The suggestion arose—and was quickly suppressed—that perhaps they all deserved such a fate, having thwarted sleep’s purpose, interfering with the natural order.

After agitated deliberations, the Committee in Charge of Emergencies decided to take preemptive action: the substance would have to be destroyed while still in this nascent phase.

As if the tank was filled with incubating flames, it fell to the fire-fighters to unseal it and reach in, no doubt because of their enviable, state-of-the-art protective gloves.

The webbing itself was so silky they could scarcely hold onto it, but as it slipped from their fingers, instead of wafting off into the breeze, it plunged to the ground, emitting an eerie keening sound and attempting to burrow into the soil, for it experienced this alien freedom as a kind of torment.

The crowd took a few steps back, horrified, but the head of the Committee cried out in jubilation: suddenly, he had a plan!

And now the sleep-webs are cultivated, harvested, and processed, so that clumps of it can be stitched into fabric casings which are then attached to the citizens’ shoulders.

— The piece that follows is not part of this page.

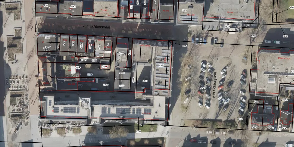 Het perceel waarop van Echtenplein 6-33 staat heeft een oppervlakte van 676 m². Dit is een groot perceel. De perceeloppervlakte wordt geregistreerd door het Kadaster. Gedetailleerde informatie over de maten van dit perceel kunt u vinden in het rapport Kadastrale kaart met maatvoering van van Echtenplein 6-33.

Ceaselessly questing downward, the web-stuff counteracts the anti-gravitational effects of chronic exhaustion.

Its uncanny lamentation continually fills the air, but nobody minds, since any noise one hears without respite soon becomes, for all practical purposes, inaudible.

Thus, everyone remains both permanently awake and successfully terrestrial, maintaining quotas.

Wings to keep people on the ground! See how even the most intractable problems contain their own solutions?